Californians love renewable energy. In fact, California just became the first state to require solar panels on all new homes.
But the new requirement creates questions — How will the new law complicate the electricity market? What strains will it place on existing distribution networks?
As California scrambles to meet a 2030 deadline to receive 50 percent of its electricity from renewable sources, the state needs to find ways to track, measure, and value electricity consumption and production that account for the variability of electricity that comes from decentralized sources, such as solar, wind, and batteries.
Without careful management, these sources, known as distributed energy resources, or DERs, have the potential to cause unreliable power delivery or even outages, and lead utility companies to overcharge customers.
A new paper by electrical engineers in the Marlan and Rosemary Bourns College of Engineering at the University of California, Riverside, offers a way to account for uncertainties introduced by both the electricity market and DERs so utility companies can balance the distribution grid and find the fairest customer rates.
One way managers of the electricity market ensure equitable distribution of power is by offering incentives for customers to reduce, or defer, power consumption during peak hours. Customers can choose to use less electricity or shift their use to a distributed source, such as rooftop solar panels or batteries.
Customers can also make more electricity available during peak loads by selling to the utility excess electricity generated by their rooftop solar panels. Consumers can thus exert a strong influence on the wider electricity grid and market.
The problem, according to the researchers, is that the organizations overseeing the grid as a whole, known as independent system operators, or ISOs, do not dispatch, and often can’t see, the location of network DERs. They only see transmission lines and resources connected to them, such as collective demand at the substations and power plants. They determine market conditions based on the big picture without knowing details that might have important consequences in the power grid.
“ISOs see the electricity up to the substation that feeds it into a consumer network but are blind to what happens among the thousands or millions of customers after that point,” explained Ashkan Sadeghi-Mobarakeh, a UC Riverside doctoral student in electrical and computer engineering and first author of the paper. “The demand of each customer at each location has a different local impact on the distribution network.”
California ISO, or CAISO, has introduced a new index to better manage flexible and responsive loads according to the market conditions. But the index suggests deployment of flexible loads only according to market conditions, meaning CAISO’s index doesn’t consider that market participation of DERs located in distribution networks may push a network’s limits.
If CAISO or the utility determine times to deploy or defer electrical loads without accounting for variable on-site renewable resources and distribution network conditions, they risk overloading the network and causing outages. Contrary to common sense, reducing electricity delivery to distribution feeders at peak load could lead to higher costs and decrease grid stability.
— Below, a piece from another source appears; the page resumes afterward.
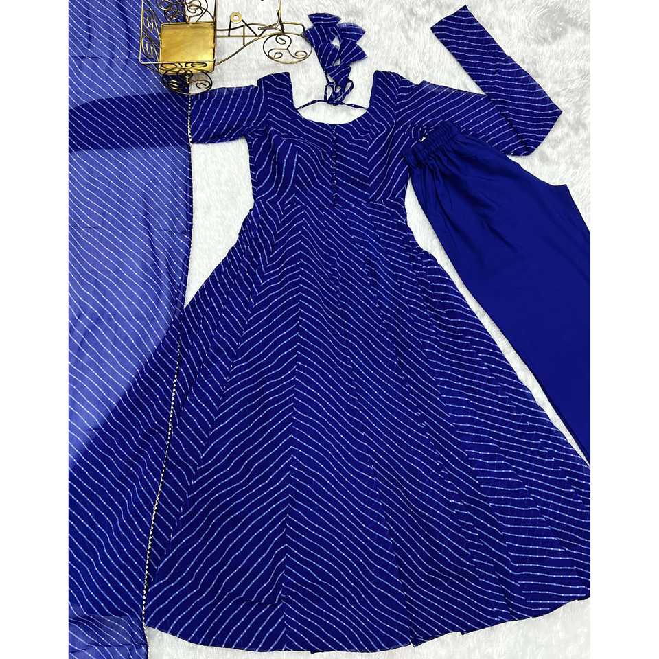 Beautiful Laheriya Print Gown and Dupatta Set for Parties Size XS

The UC Riverside paper considers not only the market conditions, but also the impact flexible resources have on distribution network constraints.
Sadeghi-Mobarakeh used novel algorithms to model cost and electrical loads in different market scenarios and tested them on a standard distribution network. He used his algorithm to compare the cost and stress on the distribution network to what would be predicted by the conventional model. He found that if the utility company had bid according to his model, they could have delivered power to consumers at considerably lower cost on many days, with less risk to the network.
The researchers propose two new indexes to help utilities look beyond market conditions and identify feeders with better performance for the operation of deferrable loads. They suggest ways that DERs can actively participate in the electricity market by following market signals. The two indexes show how a good feeder responds to market signals without having a negative effect on the distribution network. The new indexes can help utility companies determine an optimal bidding strategy in the day-ahead market, together with the optimal schedules for deferrable loads.
“The indexes proposed in this paper can be combined with field measurements from smart meters at substations to measure in real-time the collective impact distributed energy resources have on distribution system reliability,” Sadeghi-Mobarakeh said.
In addition to Sadeghi-Mobarakeh, the authors include his adviser, Hamed Mohsenian-Rad, a professor of electrical and computer engineering at UC Riverside; Alireza Shahsavari, a doctoral student at UC Riverside; and Hossein Haghighat of Islamic Azad University of Jahrom.